Re: [PATCH] tpm_tis_spi: fix:release chip select when flow control fails

From: Jarkko Sakkinen
Date: Fri Apr 21 2023 - 17:47:06 EST


On Fri, Mar 31, 2023 at 02:56:25PM +0800, shaopeijie@xxxxxxxx wrote:
> From: Peijie Shao <shaopeijie@xxxxxxxx>
>
> The TPM's chip select will leave active after spi_bus_unlock when
> flow control timeout, and may interfere other chips sharing the same
> spi bus, or may damage them dule to level conflict on MISO pin.
>
> So the patch deactives the chip select by sending an empty message
> with cs_change=0 if flow control fails.
>
> The reason why flow control timeout for me is unfortunately I got a
> damaged TPM chip. It always pull MISO low during cs active(this can
> be easily emulated by wire MISO to the ground), not responding anything,
> and dmesg shows below:
> ...
> [ 311.150725] tpm_tis_spi: probe of spi0.0 failed with error -110
> ...

We don't really cease to support damaged hardware but it is true
that the *software* failure paths should probably be robust enough
to deativate chip select.

I would rewrite this as

"The failure paths in tpm_tis_spi_transfer() do not deactivate
chip select. Send an empty message (cs_select == 0) to overcome
this."

That's all there needs to be.

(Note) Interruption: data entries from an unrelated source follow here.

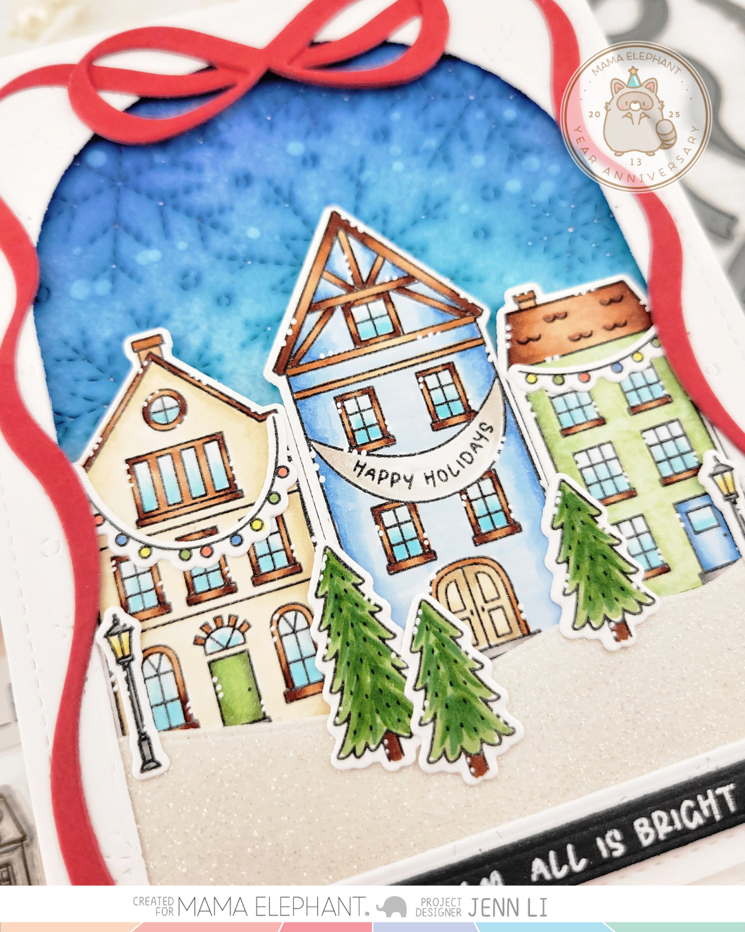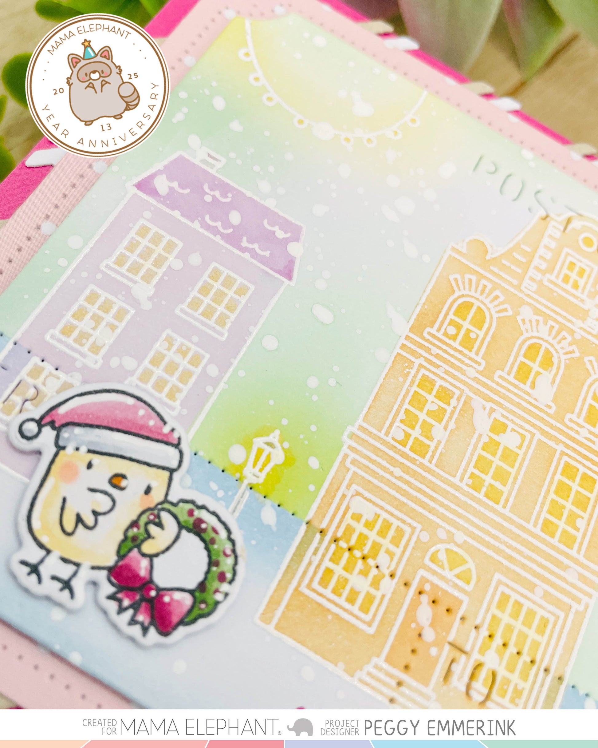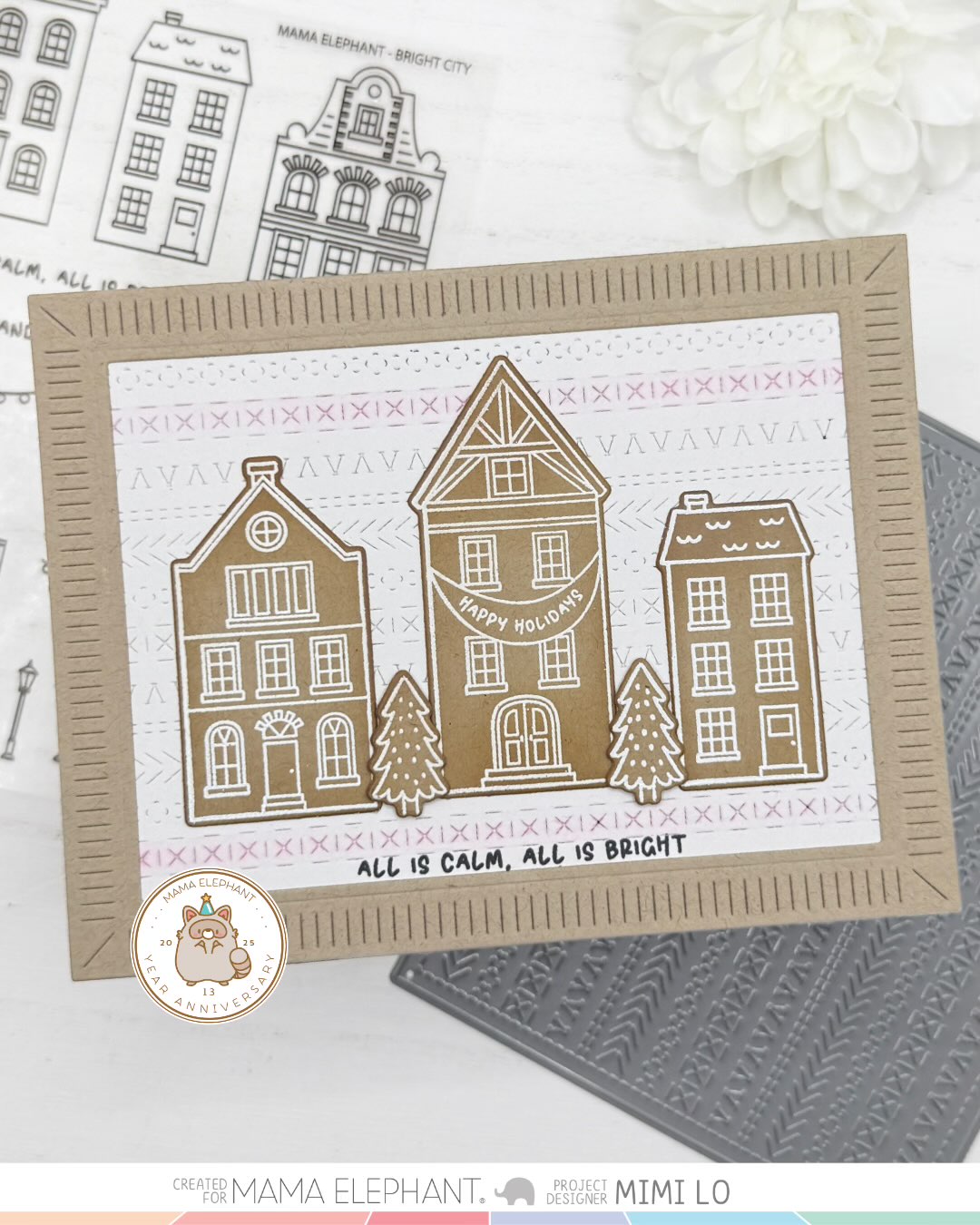 Bright City clear stamp set features a whimsical village filled with charming buildings, perfect for creating cozy holiday scenes. To add an extra festive touch, the set includes strung lights that can be stamped between the buildings, bringing your village to life with warmth and cheer. Whether used on their own or combined into a bustling street scene, these playful illustrations are a delightful way to capture the magic of the holiday season in your handmade projects.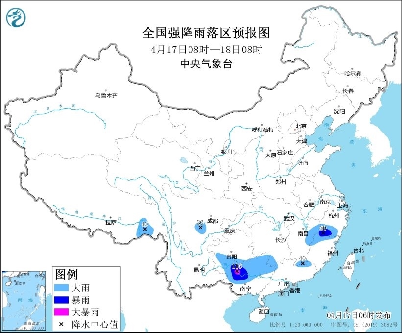 預(yù)計(jì),4月17日08時(shí)至18日08時(shí),江西中北部、浙江南部、福建西北部、四川盆地西南部、貴州東南部、廣西中北部、廣東北部等地部分地區(qū)有大到暴雨,其中,廣西西部等地局地有大暴雨(100~110毫米)。上述部分地區(qū)伴有短時(shí)強(qiáng)降水(最大小時(shí)降雨量30~60毫米,局地可超過(guò)70毫米),局地有雷暴大風(fēng)等強(qiáng)對(duì)流天氣。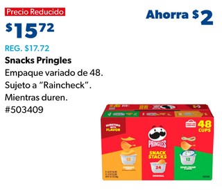 Snacks Pringles Empaque variado de 48. Sujeto a "Raincheck". Mientras duren. #503409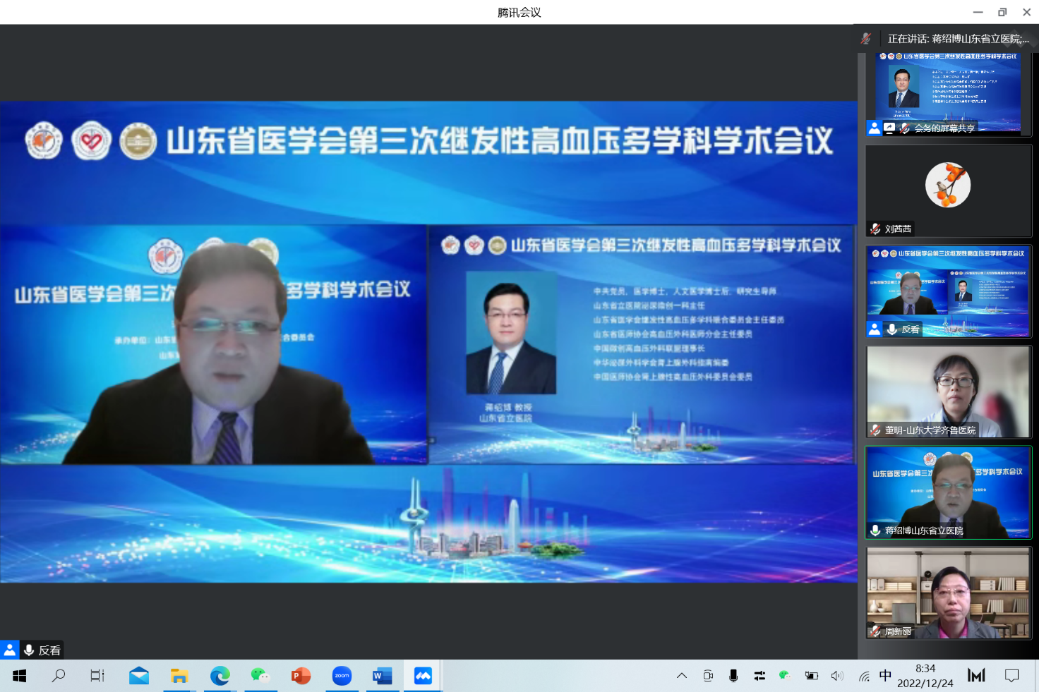 2022年12月24日,由山东省医学会主办,山东省医学会继发性高血压多学科联合委员会、山东第一医科大学附属省立医院承办的山东省医学会第三次继发性高血压多学科学术会议在线成功举办。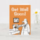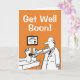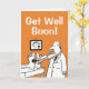 Tarjeta de cumpleaños para un paciente hospitalario. Ponte bien pronto la tarjeta personalizado graciosa. Crea tu propio mensaje interno. Fondo naranja.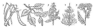 1. Фасоль; 2. Береза; 3. Мята перечная; 4. Хвощ полевой; 5. Тысячелистник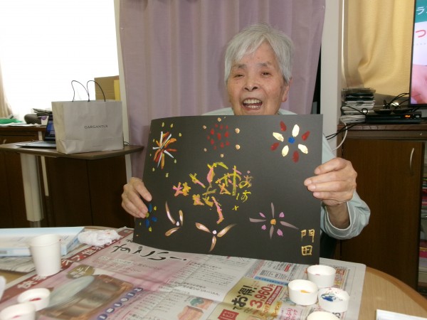 絵の具を使い、花火を描いて頂きました!(^^)!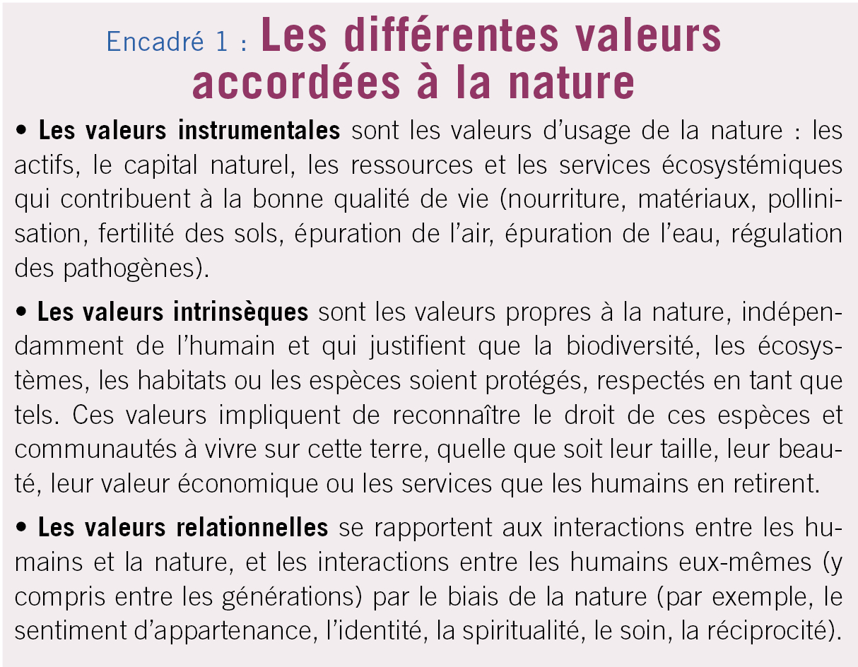 A côté de ces valeurs de base, les sociétés accordent des valeurs spécifiques à la nature (specific values). Elles sont généralement classées en trois catégories : les valeurs instrumentales, les valeurs intrinsèques et les valeurs relationnelles (cf. encadré 1).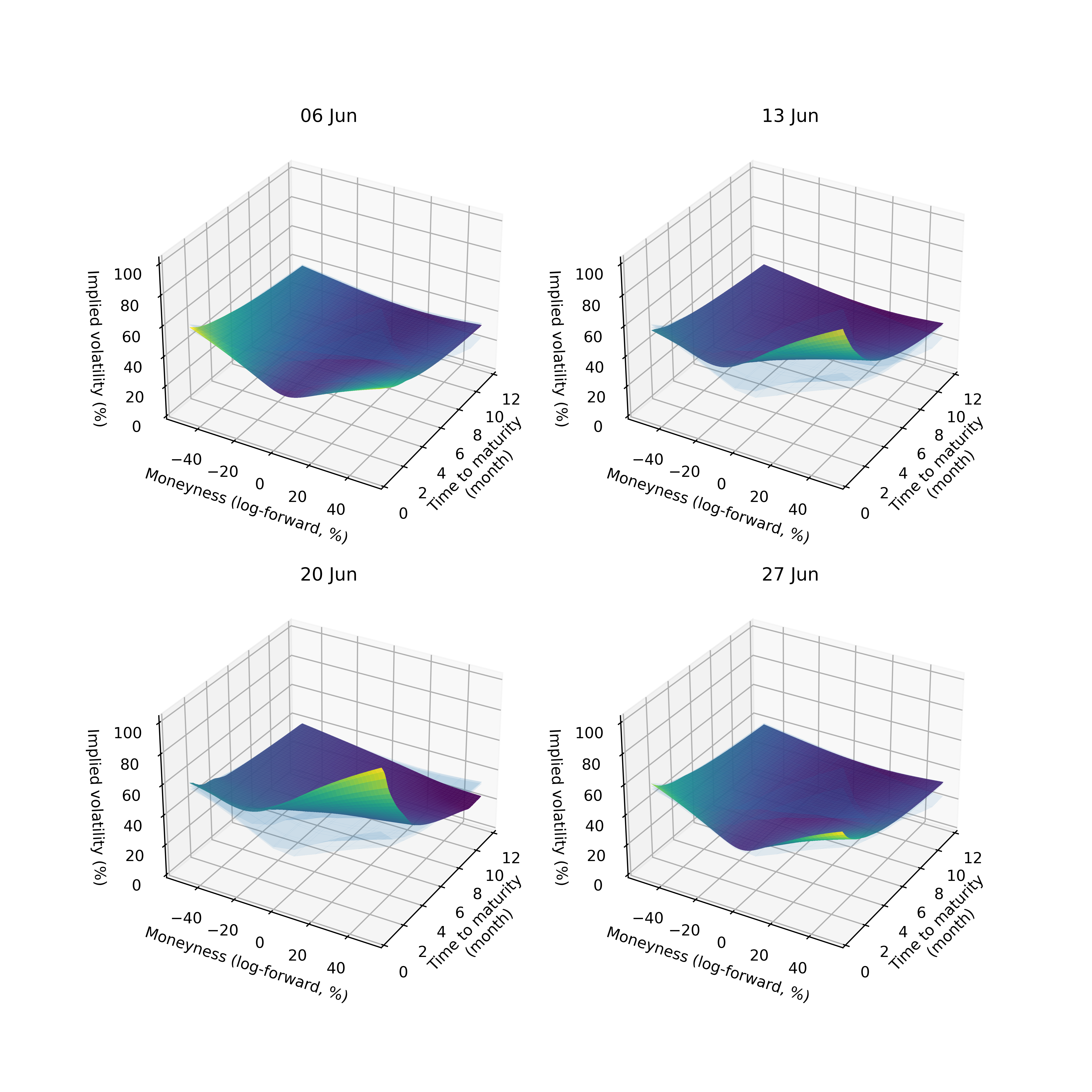 On 6 June, both cross-sections exhibited curve shapes consistent with normal trading periods. The skew curve displays a smile shape (assets subject to shocks in both directions are more akin to “smiles” than “smirks”) and the term structure is upward-sloping at the front of the curve.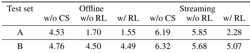 The authors evaluate the impact of reinforcement learning (RL) and code-switching (CS) training on ASR performance across two test sets, showing that RL consistently reduces WER in both offline and streaming modes. Results indicate that RL provides more substantial gains than CS, particularly in streaming scenarios, and that combining both techniques yields the best overall performance. The improvements suggest RL helps the model better handle sequential prediction challenges and reduce errors in real-time decoding.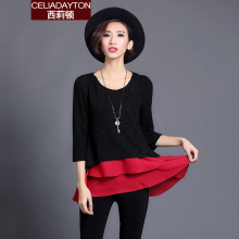 加肥大码女装 2016胖mm妹秋装新款弹力蕾丝衫长袖打底衫 肥婆上衣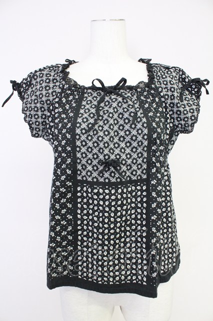 PINK HOUSE / パッチワーク風プリント半袖ブラウス 黒X白 T-25-10-30-016-LO-BL-SA-ZT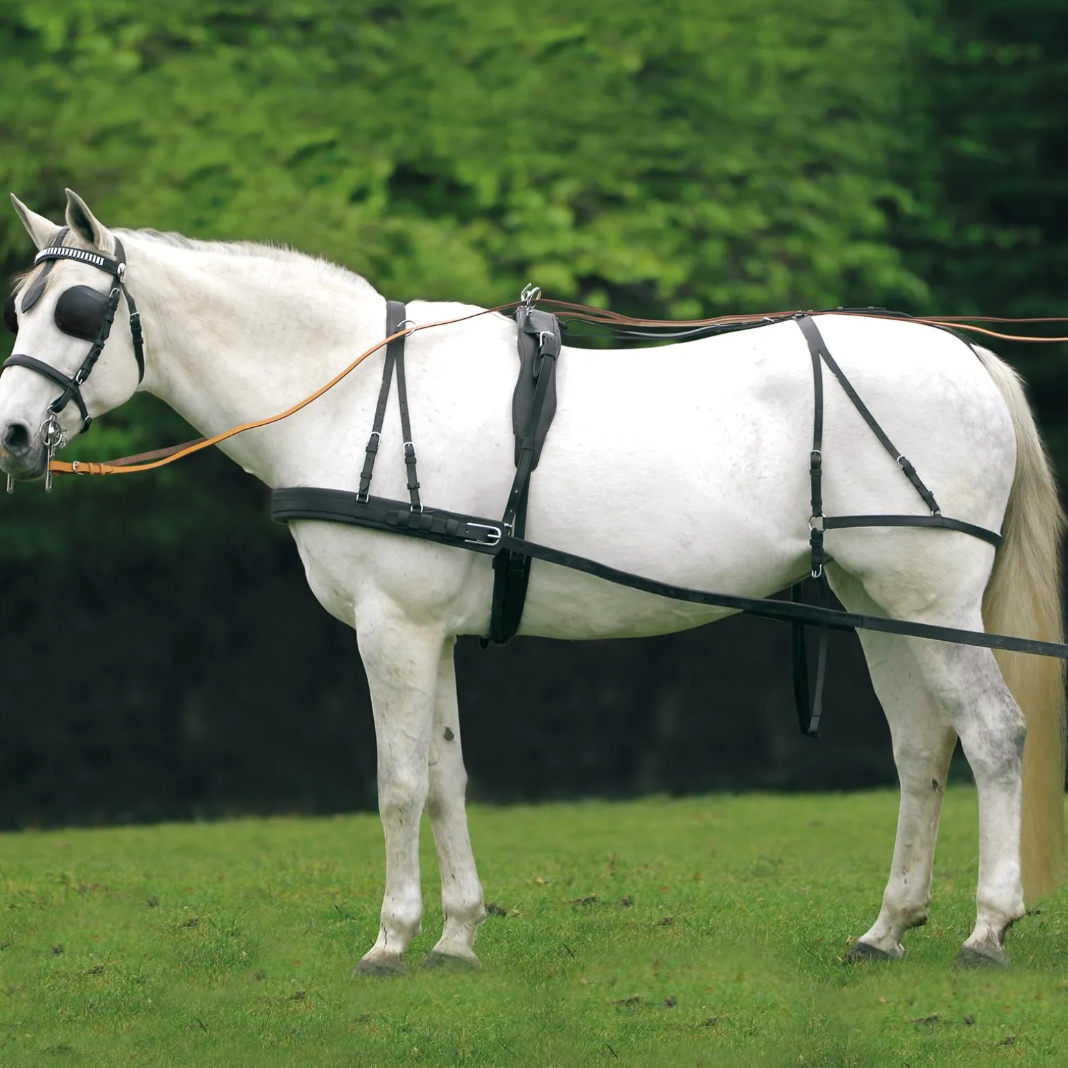 Robustes Brustblatt-Geschirr aus Leder, weich unterlegt, nylonverstärkt. Komplett mit Fahrzaum mit Scheuklappen, Fahrleinen, Brustblatt, Selett, Zugsträngen, Schweifriemen und Hintergeschirr. Tragösen am Bauchgurt beweglich. Inkl. Geschirrtasche.
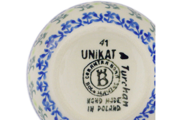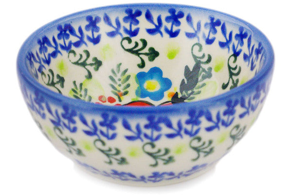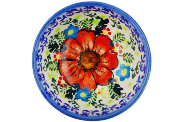 This Polish Pottery Bowl is handmade and handpainted by the Ceramika Bona factory in Boleslawiec, Poland. Manufacturer item number H0634F. It is 1¾" high and measures 4" by 4". The capacity of this Bowl is 4.94 oz (brimful) and it weighs 0.6 lbs. It is part of the Bold Red Poppies Collection.
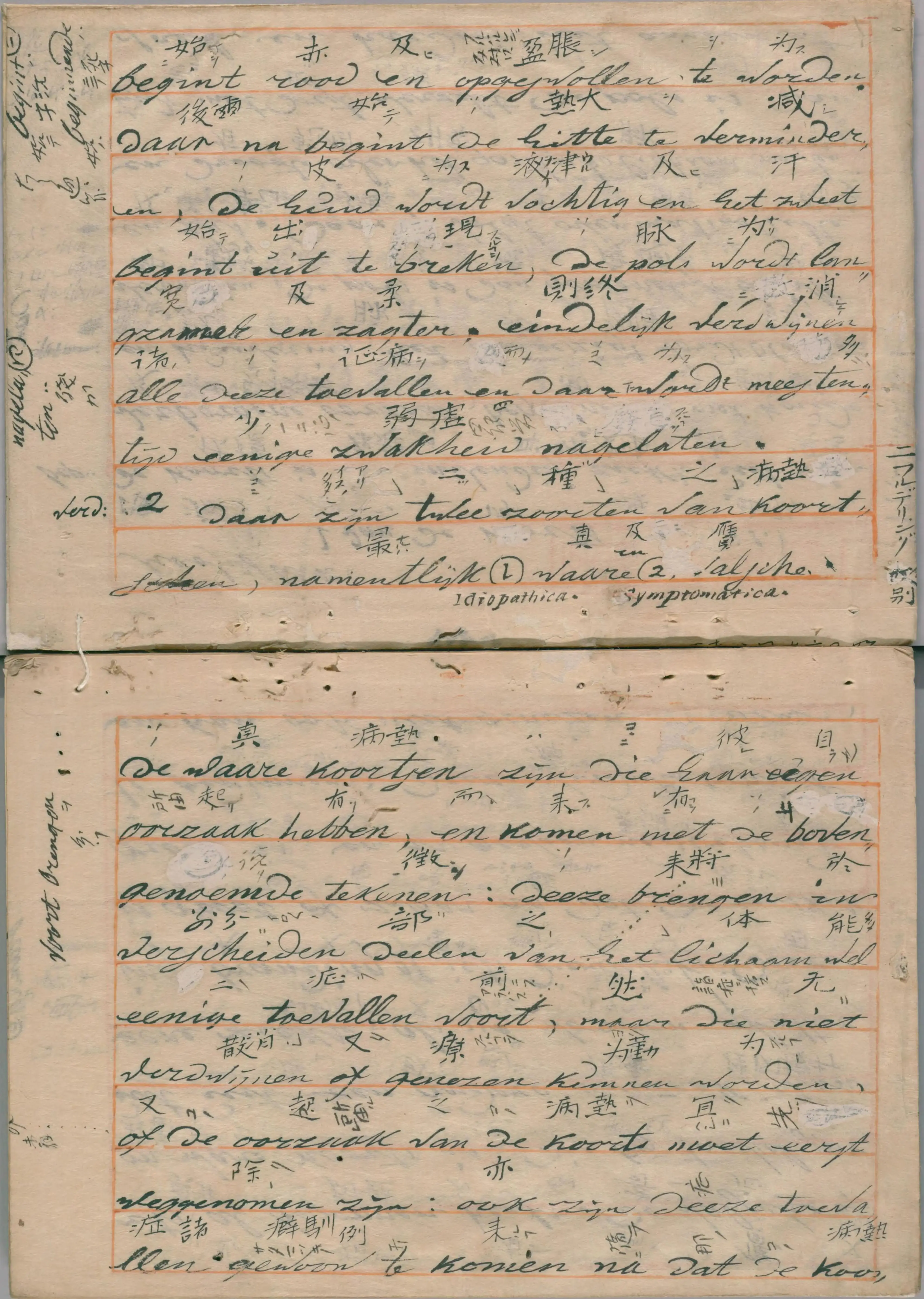 Genzui translated the book of internal medicine by Johannes de Gorter (Gezuiverde geneeskonst, of kort onderwys der meeste inwendige ziekten, Amsterdam, 1744) and published it under the title of Seisetsu naika sen'yo from 1793 to 1808. The inserted material is the draft of the book. The original book was owned by Katsuragawa Hoshu. Genzui utilized the Japanese style ruled paper bound in Japanese style, using it sideways in order to write both the original Dutch manuscript and the translated text on the same page. Corrections made with chalk are visible in some parts, showing the efforts he had made in the process of translation, especially when compared to the printed book (see also Kotenseki Sogo Database, the Waseda University Library (bunko08 C0026)). Moreover, the printed version was revised and augmented later by Udagawa Genshin and Fujii Hotei, making the sentences even easier to understand.

We do not care about broken hardware.

>
> Signed-off-by: Peijie Shao <shaopeijie@xxxxxxxx>
> ---
> drivers/char/tpm/tpm_tis_spi_main.c | 13 ++++++++++++-
> 1 file changed, 12 insertions(+), 1 deletion(-)
>
> diff --git a/drivers/char/tpm/tpm_tis_spi_main.c b/drivers/char/tpm/tpm_tis_spi_main.c
> index a0963a3e92bd..5c8ff343761f 100644
> --- a/drivers/char/tpm/tpm_tis_spi_main.c
> +++ b/drivers/char/tpm/tpm_tis_spi_main.c
> @@ -105,8 +105,19 @@ int tpm_tis_spi_transfer(struct tpm_tis_data *data, u32 addr, u16 len,
> /* Flow control transfers are receive only */
> spi_xfer.tx_buf = NULL;
> ret = phy->flow_control(phy, &spi_xfer);
> - if (ret < 0)
> + if (ret < 0) {
> + /*
> + * Release cs pin if the device is not responding, regardless of the reason.
> + * Notice cs may alreadly been released if the failure was caused inside
> + * spi_sync_locked called by flow_control, in this situation, a pluse may be
> + * generated on cs.
> + */

Please replace above comment with:

/* Deactivate chip select: */

> + memset(&spi_xfer, 0, sizeof(spi_xfer));
> + spi_message_init(&m);
> + spi_message_add_tail(&spi_xfer, &m);
> + spi_sync_locked(phy->spi_device, &m);
> goto exit;
> + }
>
> spi_xfer.cs_change = 0;
> spi_xfer.len = transfer_len;
> --
> 2.39.1
>
>
>

There's three call sites, why are you taking care of only one
of them?

I'd consider instead:

return 0;

exit:
memset(&spi_xfer, 0, sizeof(spi_xfer));
spi_message_init(&m);
spi_message_add_tail(&spi_xfer, &m);
spi_sync_locked(phy->spi_device, &m);
spi_bus_unlock(phy->spi_device->master);
return ret;
}

The the rollback would apply to all call sites.

BR, Jarkko